1. The facility policy titled "Assessment/Reassessment Treatment Plans and Documentation" and last reviewed 9/18 stated, "The treatment plan is developed in collaboration with the interdisciplinary team."

2. The facility policy titled "Treatment Planning/Interdisciplinary Team Process" and last reviewed 12/18 stated, "Treatment Plans are revised as needed and reviewed/updated at least weekly as the patient's condition dictates or in preparation for discharge."

C. Interviews

1. On 7/11/19 at 2:00 p.m., the Director of Social Work stated, "I understand that the plan needs to be more integrated."

2. On 7/11/19 at 2:45 p.m., the Medical Director did not dispute that the treatment plans had not been revised.

3. On 7/11/19 at 1:00 p.m., the Program Director stated that psychology interventions were not included in the MTPs because the psychologist "is on a contract."

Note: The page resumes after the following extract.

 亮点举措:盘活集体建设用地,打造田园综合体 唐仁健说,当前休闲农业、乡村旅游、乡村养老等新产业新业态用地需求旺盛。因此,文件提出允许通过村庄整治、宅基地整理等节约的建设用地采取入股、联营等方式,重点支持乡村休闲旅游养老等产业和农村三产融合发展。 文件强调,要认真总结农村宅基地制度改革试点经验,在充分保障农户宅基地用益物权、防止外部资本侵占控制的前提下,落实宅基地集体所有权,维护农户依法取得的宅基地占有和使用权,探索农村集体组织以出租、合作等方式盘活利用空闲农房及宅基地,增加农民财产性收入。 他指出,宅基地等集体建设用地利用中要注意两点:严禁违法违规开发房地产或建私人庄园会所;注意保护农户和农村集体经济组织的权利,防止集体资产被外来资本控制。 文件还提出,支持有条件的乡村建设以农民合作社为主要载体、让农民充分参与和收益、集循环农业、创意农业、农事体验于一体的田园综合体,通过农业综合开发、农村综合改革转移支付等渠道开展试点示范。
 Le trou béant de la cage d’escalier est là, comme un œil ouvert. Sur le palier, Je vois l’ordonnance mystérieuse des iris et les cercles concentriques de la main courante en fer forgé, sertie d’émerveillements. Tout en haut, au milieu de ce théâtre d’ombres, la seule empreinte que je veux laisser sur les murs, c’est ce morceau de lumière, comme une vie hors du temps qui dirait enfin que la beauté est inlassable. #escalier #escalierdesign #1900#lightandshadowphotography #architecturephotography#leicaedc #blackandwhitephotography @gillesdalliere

PLAN INCLUDES SPECIFIC TREATMENT MODALITIES UTILIZED

Tag No.: B0122

Based on record review, policy review and interview, the facility failed to develop individualized treatment interventions for eight (8) of eight (8) active sample patients (Patients A1, A2, A3, A4, A5, A6, A7 and A8). The interventions were generic discipline functions. The Social Work interventions were identical for the 8 patients. This deficiency resulted in a failure to guide treatment staff regarding the specific treatment modality and purpose for each intervention and potentially resulted in inconsistent and/or ineffective treatment.

Findings:

A. Record Review

1. Patient A1 had the following nursing intervention for the Problem of Major Depressive Disorder, "Nursing teaching 1:1 on medication indication and potential side effects such as: dizziness, dry mouth, nausea, headache, sleep problem, strange dreams."

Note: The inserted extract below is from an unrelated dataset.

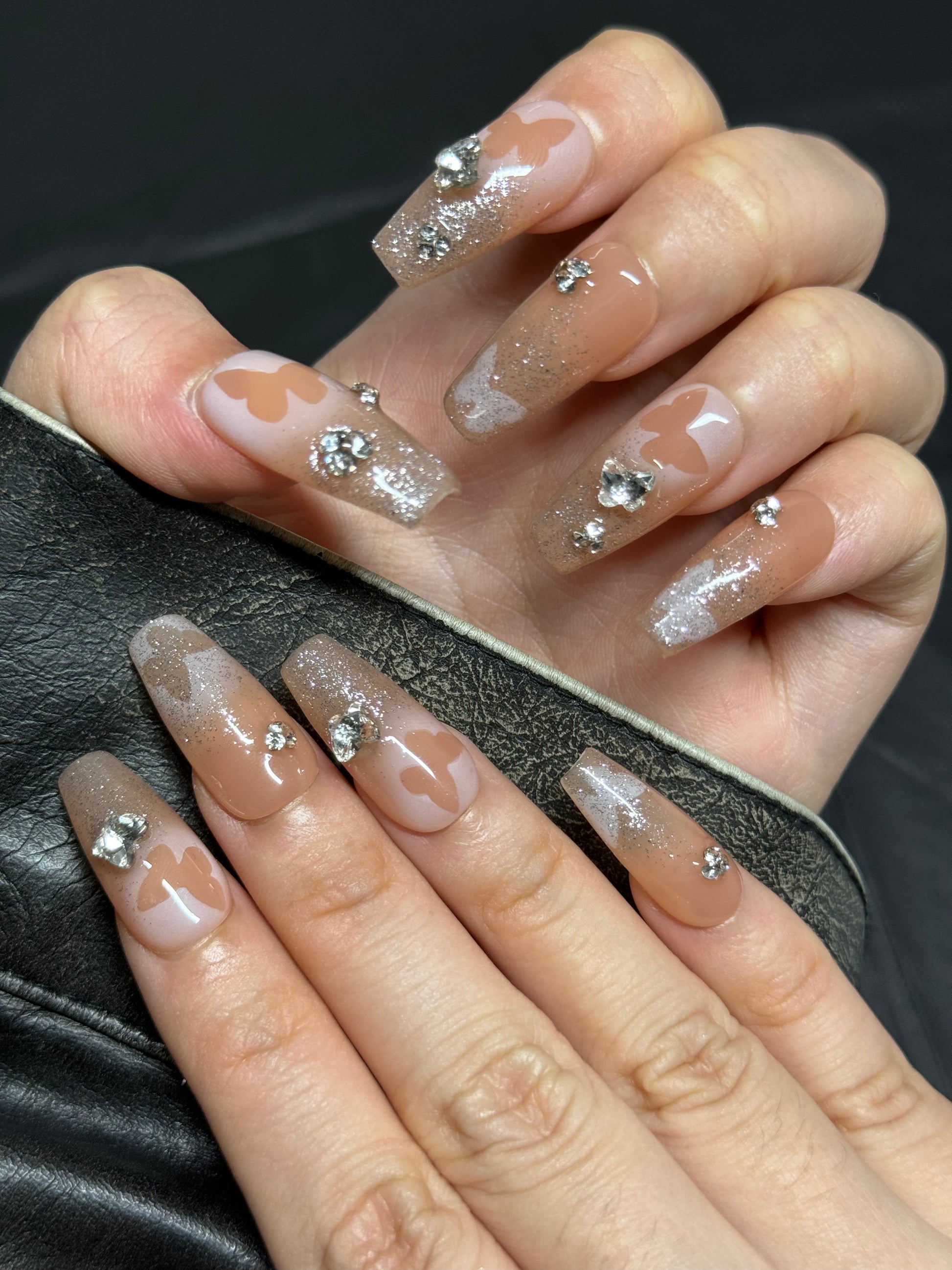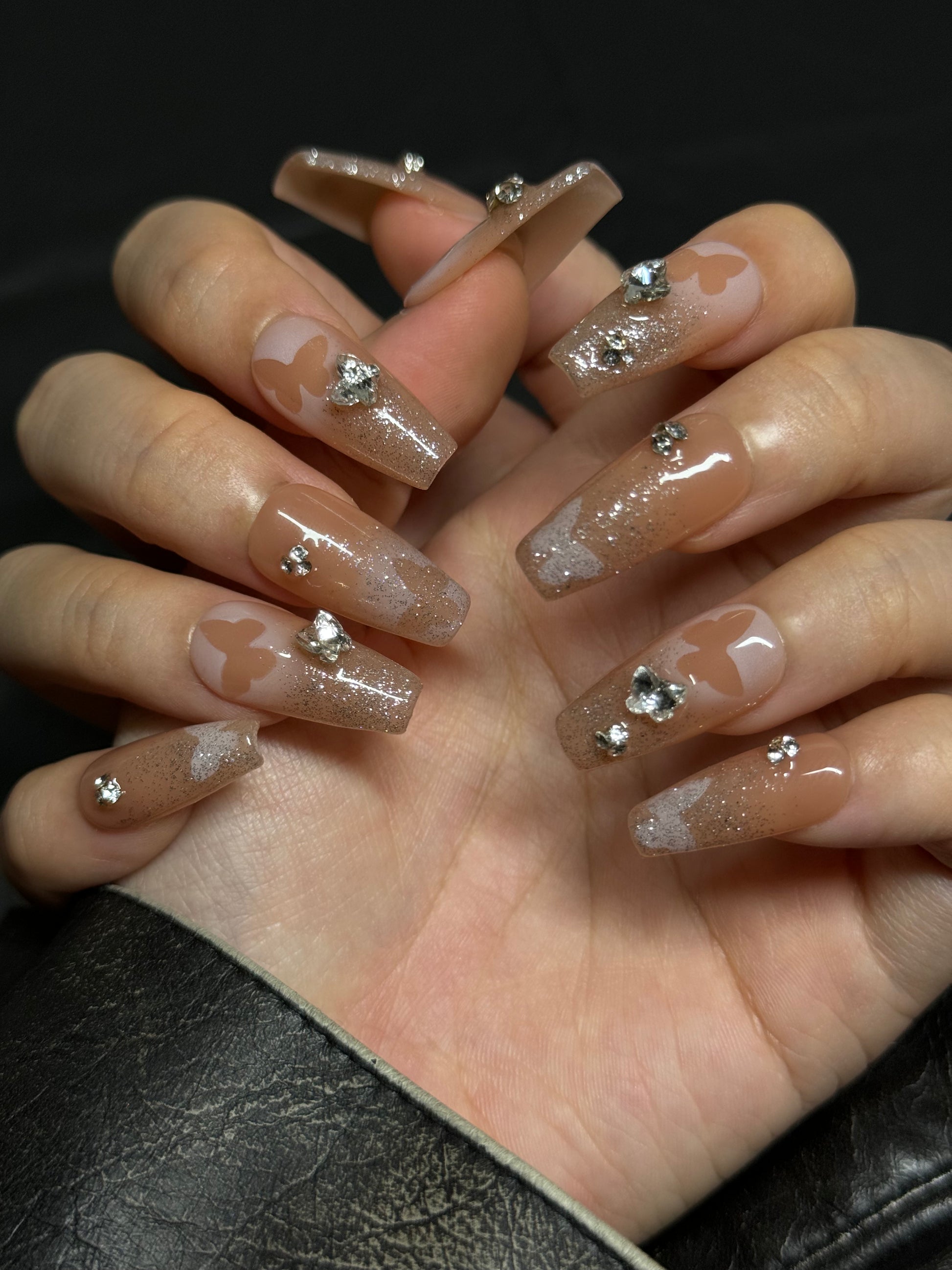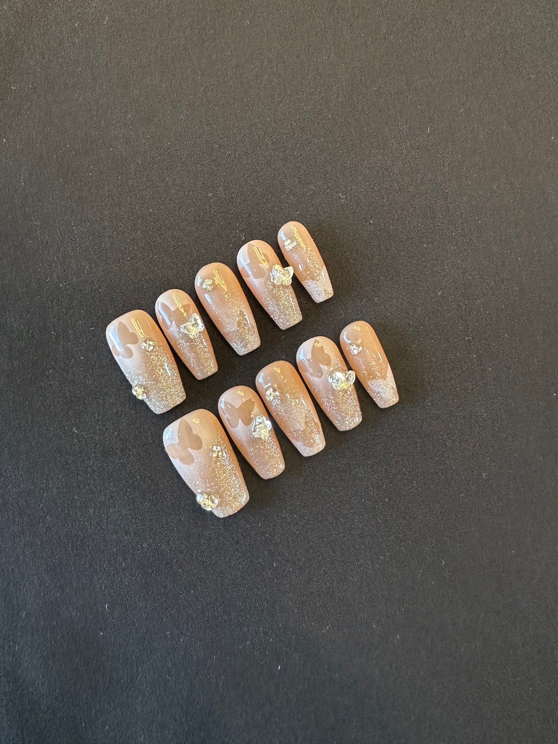 With a subtle nude palette with shimmering accents, design is inspired by the light and graceful beauty of butterflies, elegantly dancing on the fingertips.

Patient A1 had the following social work interventions for the Problem of Depression: "Meet with patient at admission to discuss [their] preferences in discharge. Make appointments with appropriate providers for follow up. Offer patient opportunity to sign release of information forms for all providers to facilitate continuity of care. Fax prescriptions to patient's pharmacy, ensure they were received and ensure hard copies are created for medications that require them. Review initial treatment plan with [patient]. Discuss the treatment plan, request input, answer questions and offer copy. Coordinate family meetings to facilitate communication regarding patient care and safe discharge."

Patient A1 had the following recreation therapy interventions for the Problem of Major Depression: "Staff will build rapport. Staff will invite and escort out to groups. Staff will promote time out of bed and encourage and promote active attendance in all groups programs."

These interventions were generic discipline functions and were not individualized to meet the patient's needs.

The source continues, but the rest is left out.